TASK: Leave the pictures aside. Retype exactly the lines from the top of the data below through the one holding "Smiling woman with".

DATA RECORDS:
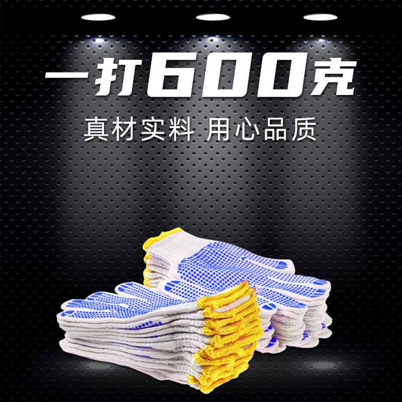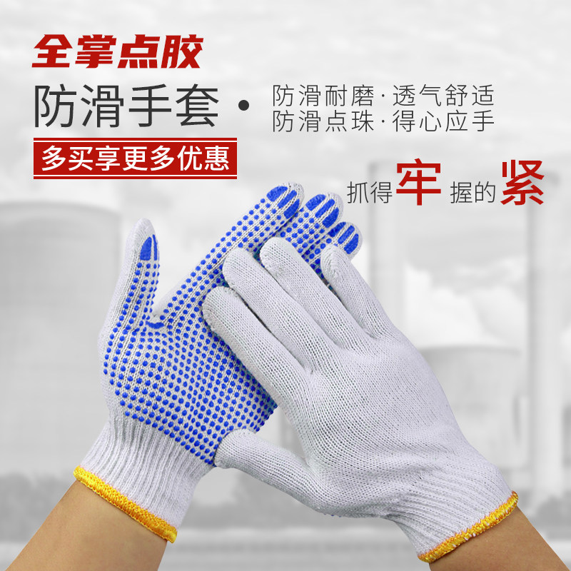 Gloves labor insurance non-slip wear-resistant plastic beaded gloves glue white yarn handling male construction site work with glue thin section
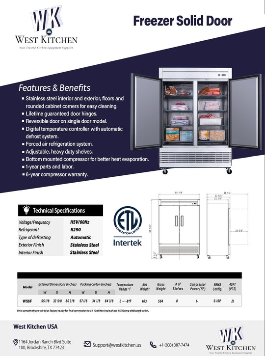 West Kitchen W56F 55"W Reach-In Freezer with 2 Solid Doors
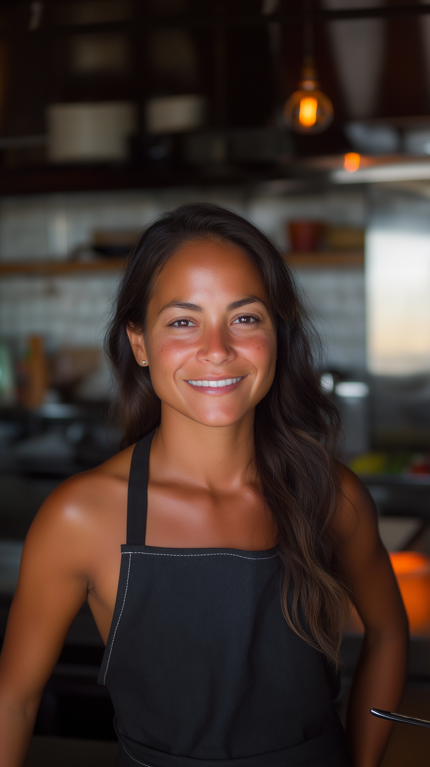 Smiling woman with long dark hair in a kitchen, wearing a black apron. Warm lighting and blurred background create a cozy atmosphere.
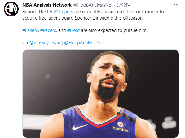 据美媒NBA Analysis Network报道,洛杉矶快船领跑丁威迪争夺战,湖人、步行者和热火也在追求他;按照丁威迪的态度,他想要一份平均年薪2000万美元的新合同,虽然快船老板不差钱,但由于薪资空间有限,快船只有通过先签后换的方式才能引援丁威迪,湖人也是如此。
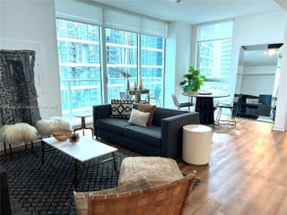 Very unique floor plan for this 2 bedroom, 2 bathroom unit at Met 1, stylish and elegant, fully furnished, split floor plan, 2 suites, new laminated flooring, custom built-in walk-in closets, washer and dryer, screens and block-out curtains, balcony, painted in white, , ready to move in. Excellent location close to Whole Foods, Bayside, Arena, Port of Miami, Downtown and Brickell Ave. One assigned parking space, pool, gym, sauna, business room, lounge. Concierge.
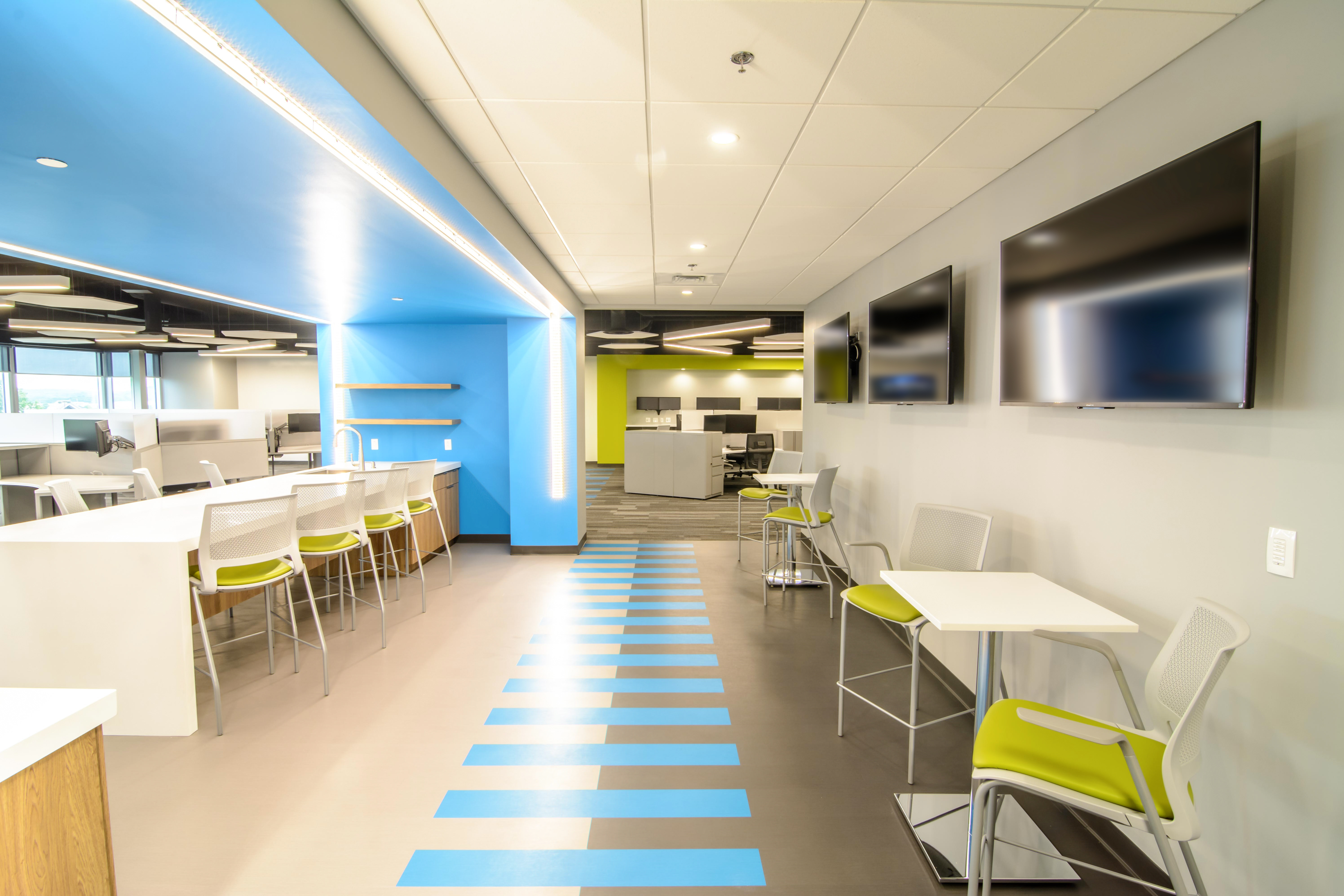 One of our corporate clients approached us to provide TVs and monitors for a large, open-concept workspace. The large room contained several distinct and separate areas, including tech services, an IT collaboration space, and a break area for employees.
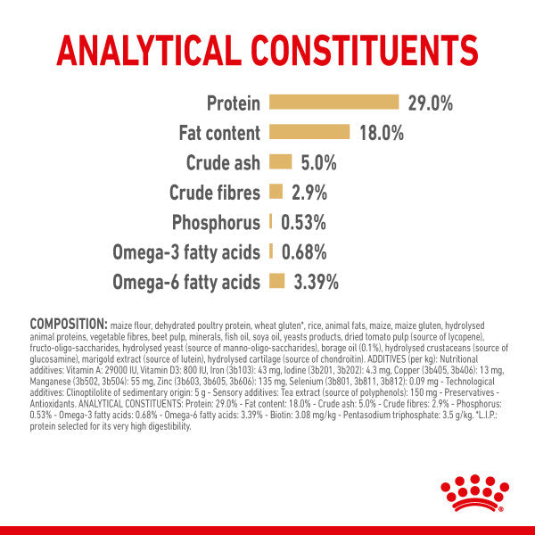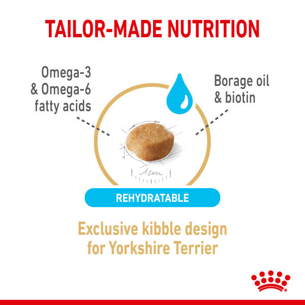 ROYAL CANIN® Yorkshire Terrier Adult 8+ is a breed-specific diet that is specially formulated to support adult Yorkshire Terriers over 8 years old. ROYAL CANIN® Yorkshire Terrier Adult 8+ contains a combination of antioxidants to help support healthy ageing, while the specially adapted phosphorus content helps to support kidney health. ROYAL CANIN® Yorkshire Terrier Adult 8+ is enriched with biotin, borage oil and fatty acids (Omega-3 and Omega-6) to support the health of your Yorkshire Terrier’s skin and coat. This product contains a blend of fibres and prebiotics, as well as highly digestible proteins to help support a good balance of intestinal flora for optimal digestive health and stool quality. This tailor-made kibble is highly palatable – its texture, shape, and size are specially adapted for mature Yorkshire Terriers and can be softened with warm water to make it easier to eat. To make sure that your dog gets a complete and balanced diet, be sure to follow the on-pack feeding guide.
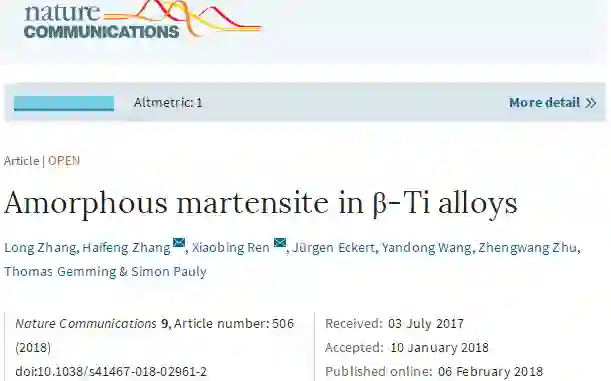 近日,中国科学院金属研究所沈阳材料科学国家(联合)实验室非平衡金属材料研究部研究员张海峰团队,与西安交通大学、北京科技大学、德国Leibniz固体材料所以及奥地利科学院Erich Schmid材料所科研人员合作,发现了一种新的固态非晶化机制——马氏体相变致非晶化机制。
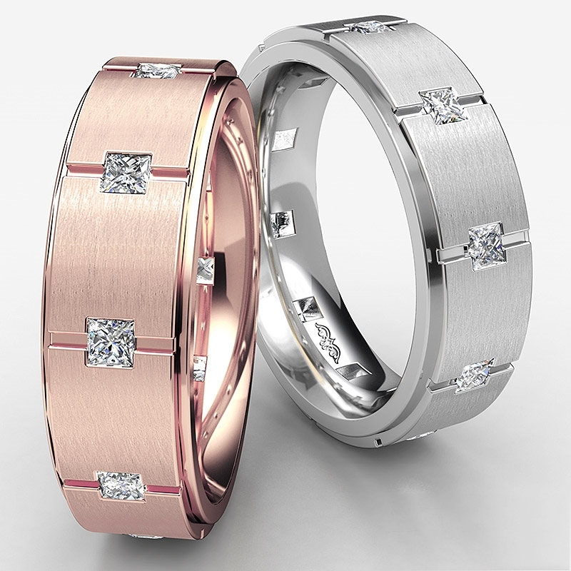 The handmade design grooved men's princess diamond eternity wedding band is crafted in solid 10k Rose Gold. Showcasing polished finished step edge with princess bezel set diamonds beautifully set on vertical grooves.
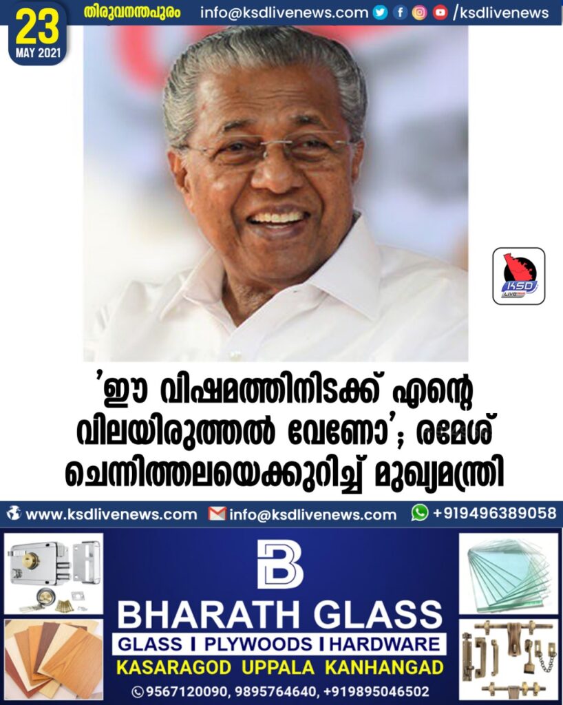 ഈ വിഷമത്തിനിടക്ക് എന്റെ വിലയിരുത്തല് വേണോ’; രമേശ് ചെന്നിത്തലയെക്കുറിച്ച് മുഖ്യമന്ത്രി
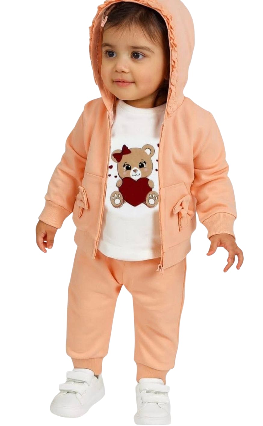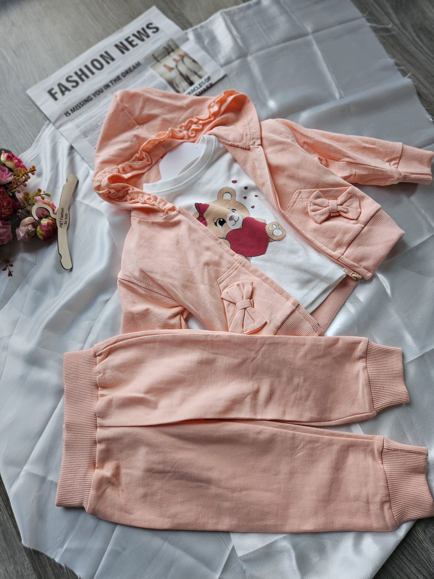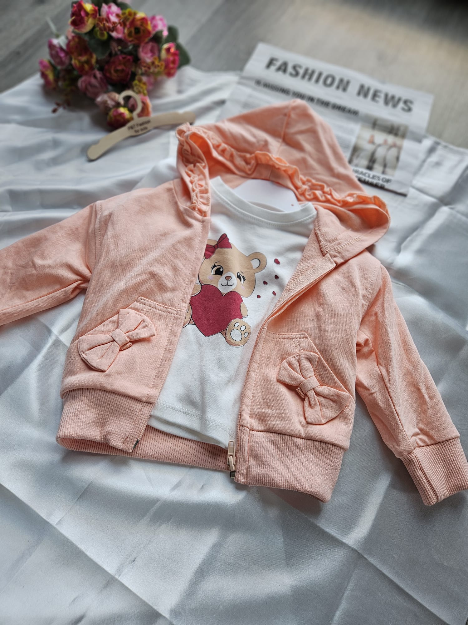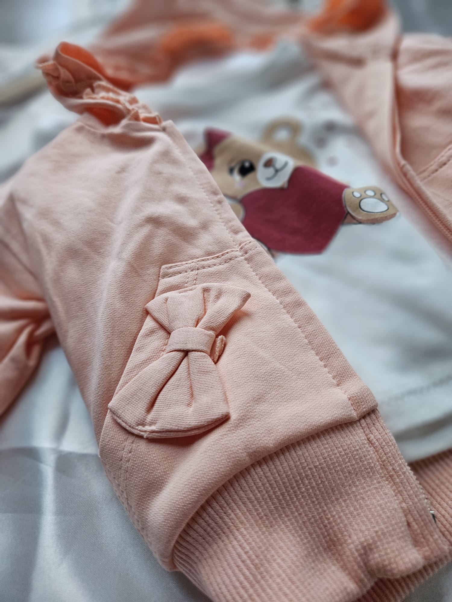 Jasnopomarańczowy komplet dresowy dla dziewczynki to wygodny i uroczy zestaw na co dzień. W skład kompletu wchodzi bluza na suwak z kapturem, spodnie dresowe oraz biała bluzka z uroczym misiem. Miękki materiał i modny kolor zapewniają komfort oraz swobodę ruchów podczas zabawy i codziennych aktywności. 🧡👧🐻

SOLVED PROBLEM:
 Gloves labor insurance non-slip wear-resistant plastic beaded gloves glue white yarn handling male construction site work with glue thin section
 West Kitchen W56F 55"W Reach-In Freezer with 2 Solid Doors
 Smiling woman with long dark hair in a kitchen, wearing a black apron. Warm lighting and blurred background create a cozy atmosphere.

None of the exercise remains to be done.